YOUR INSTRUCTIONS :: Reproduce exactly, leaving out pictures, each line from the one holding "NomoLine LH Adult Nasal Cannula" through the final line of the listing, and add nothing.

RECORDS TO PROCESS ::
--- --- ---

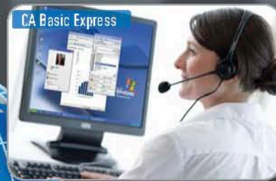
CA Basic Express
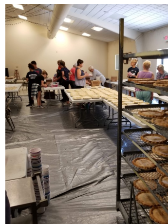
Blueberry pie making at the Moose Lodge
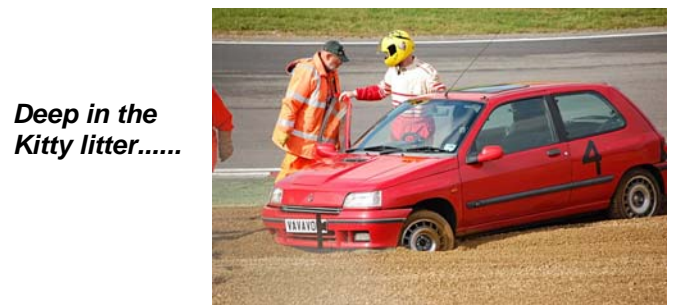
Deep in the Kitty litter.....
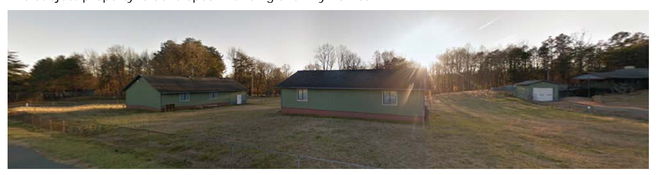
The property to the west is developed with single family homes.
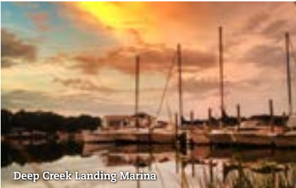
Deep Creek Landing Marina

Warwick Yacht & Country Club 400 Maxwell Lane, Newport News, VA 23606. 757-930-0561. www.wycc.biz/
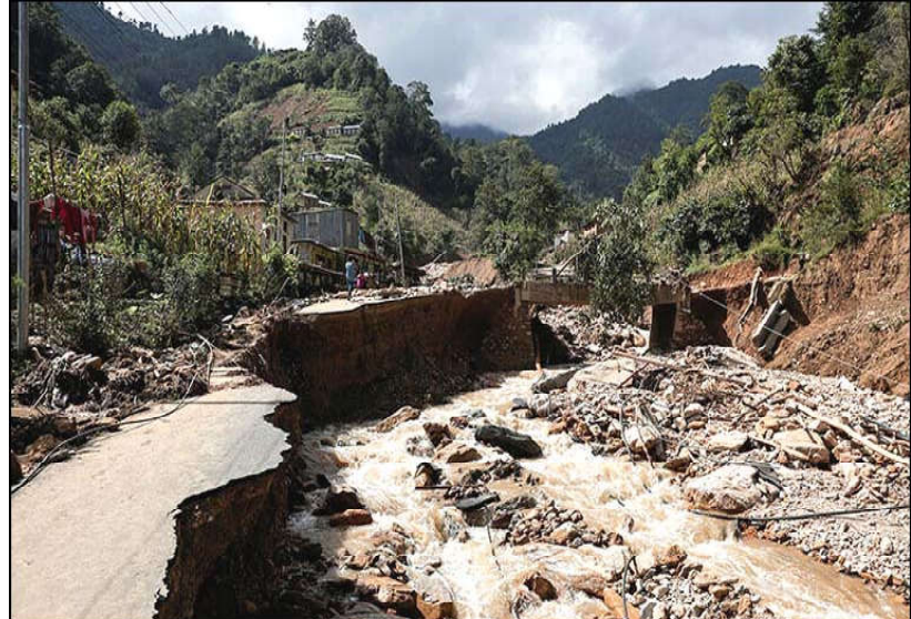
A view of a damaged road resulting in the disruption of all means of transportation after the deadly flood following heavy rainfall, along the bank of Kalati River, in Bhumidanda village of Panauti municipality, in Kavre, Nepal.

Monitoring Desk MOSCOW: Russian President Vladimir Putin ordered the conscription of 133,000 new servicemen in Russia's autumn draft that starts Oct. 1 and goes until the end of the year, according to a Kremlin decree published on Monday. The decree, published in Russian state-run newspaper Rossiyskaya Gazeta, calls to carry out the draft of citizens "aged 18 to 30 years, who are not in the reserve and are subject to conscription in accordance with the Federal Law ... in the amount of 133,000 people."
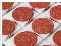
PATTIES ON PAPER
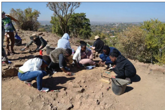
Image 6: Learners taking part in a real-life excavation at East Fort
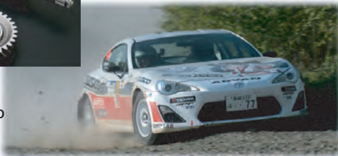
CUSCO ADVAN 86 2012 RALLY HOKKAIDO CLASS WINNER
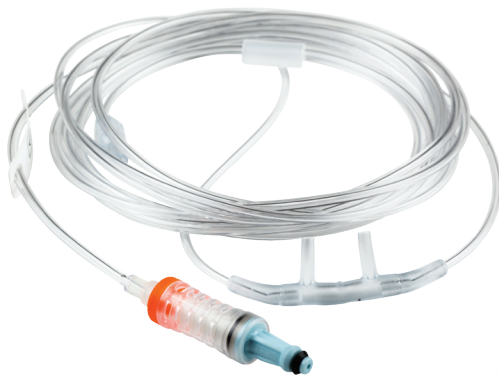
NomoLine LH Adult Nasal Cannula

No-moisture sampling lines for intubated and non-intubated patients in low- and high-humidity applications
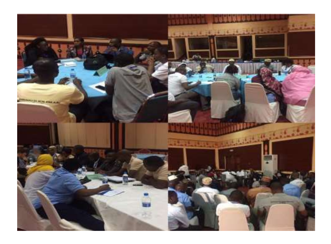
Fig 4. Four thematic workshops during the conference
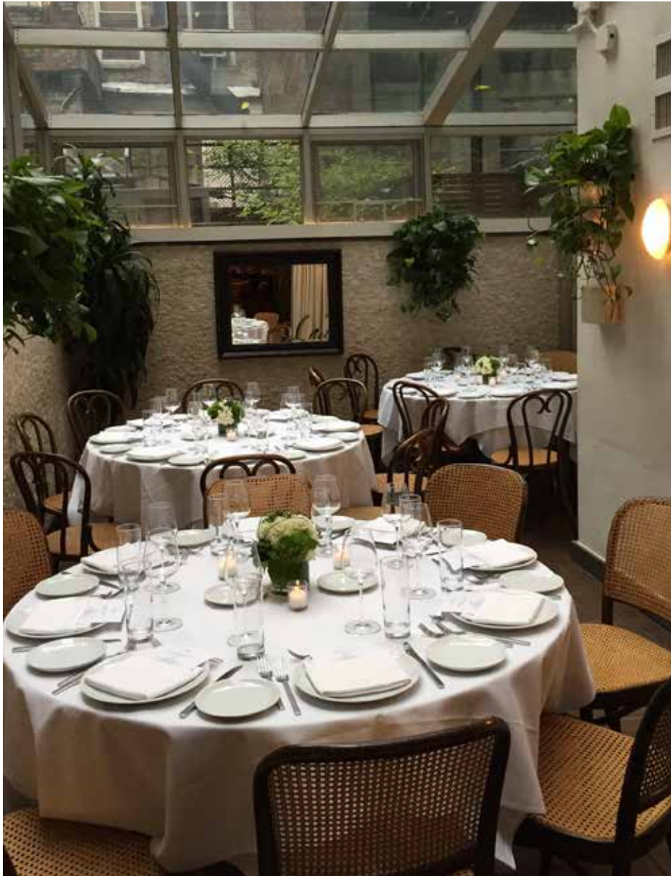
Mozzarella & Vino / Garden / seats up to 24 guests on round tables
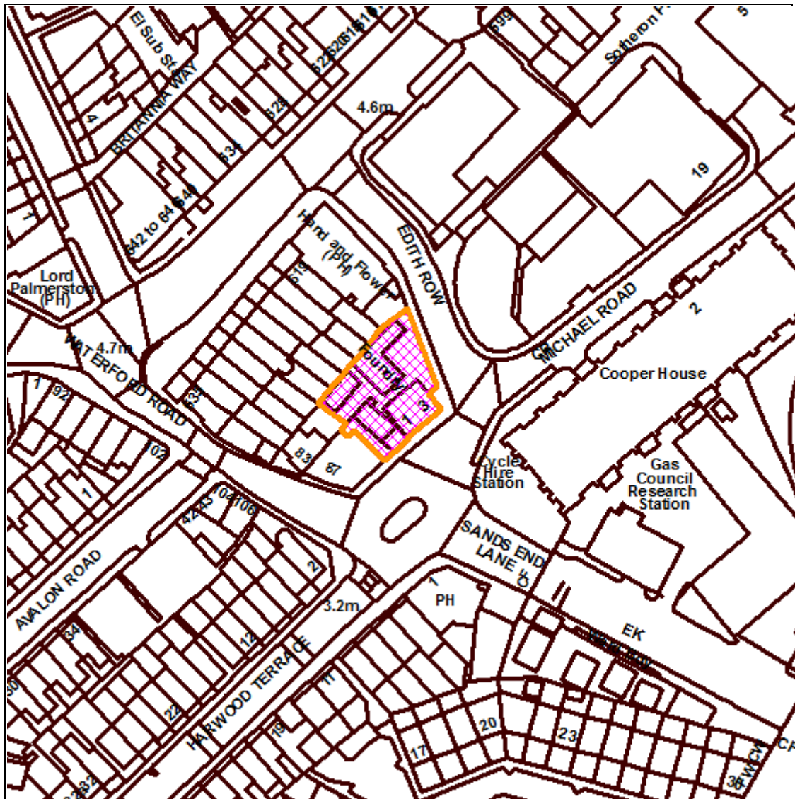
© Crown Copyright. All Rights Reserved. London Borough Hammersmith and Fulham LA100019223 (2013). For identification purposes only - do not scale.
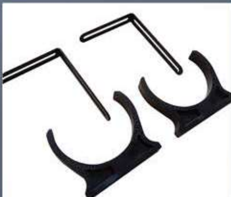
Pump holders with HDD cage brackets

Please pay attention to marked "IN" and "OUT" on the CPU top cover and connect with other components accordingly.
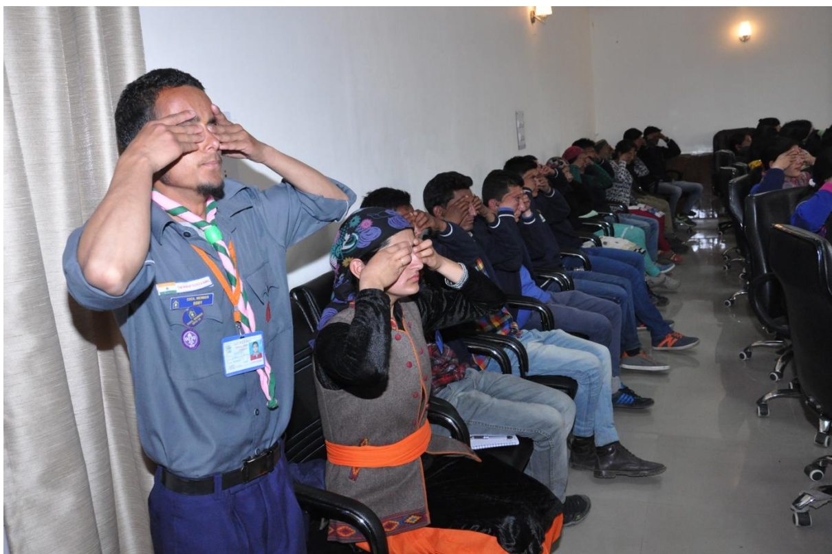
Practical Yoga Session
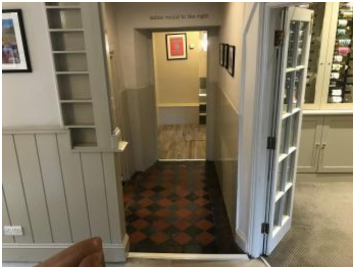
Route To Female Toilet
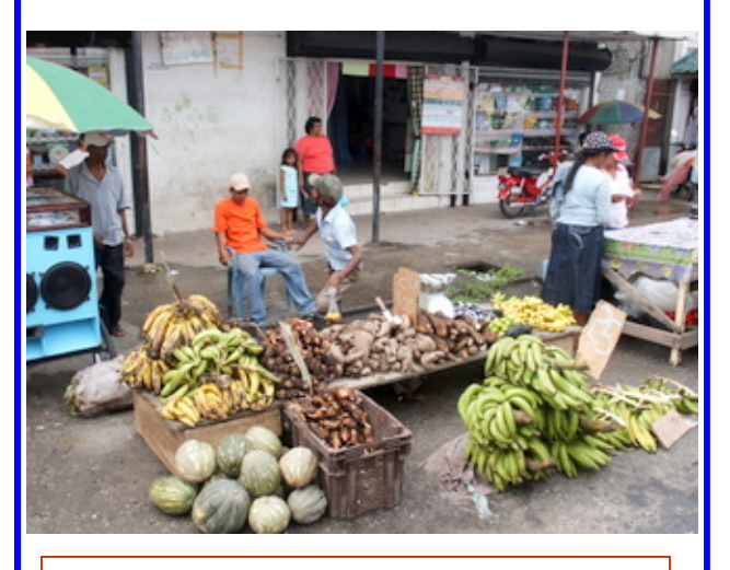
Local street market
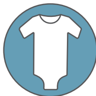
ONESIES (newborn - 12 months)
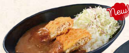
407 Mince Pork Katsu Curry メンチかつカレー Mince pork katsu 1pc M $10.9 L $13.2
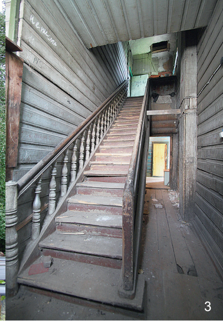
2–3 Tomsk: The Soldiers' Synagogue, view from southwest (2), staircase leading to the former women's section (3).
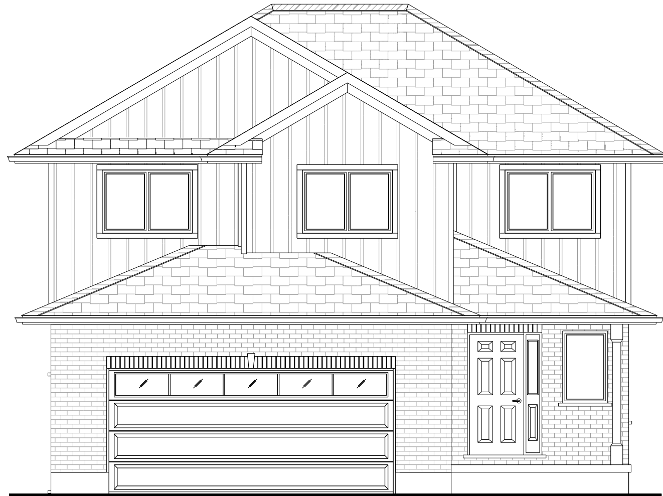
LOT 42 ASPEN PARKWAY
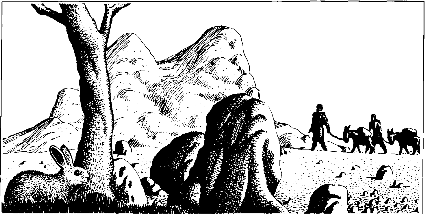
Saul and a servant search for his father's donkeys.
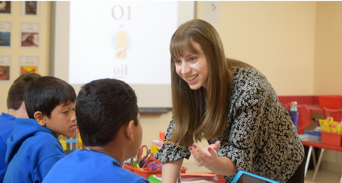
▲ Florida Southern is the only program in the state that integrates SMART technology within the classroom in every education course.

--- --- ---

SOLVED PROBLEM ::
NomoLine LH Adult Nasal Cannula

No-moisture sampling lines for intubated and non-intubated patients in low- and high-humidity applications
Fig 4. Four thematic workshops during the conference
Mozzarella & Vino / Garden / seats up to 24 guests on round tables
© Crown Copyright. All Rights Reserved. London Borough Hammersmith and Fulham LA100019223 (2013). For identification purposes only - do not scale.
Pump holders with HDD cage brackets

Please pay attention to marked "IN" and "OUT" on the CPU top cover and connect with other components accordingly.
Practical Yoga Session
Route To Female Toilet
Local street market
ONESIES (newborn - 12 months)
407 Mince Pork Katsu Curry メンチかつカレー Mince pork katsu 1pc M $10.9 L $13.2
2–3 Tomsk: The Soldiers' Synagogue, view from southwest (2), staircase leading to the former women's section (3).
LOT 42 ASPEN PARKWAY
Saul and a servant search for his father's donkeys.
▲ Florida Southern is the only program in the state that integrates SMART technology within the classroom in every education course.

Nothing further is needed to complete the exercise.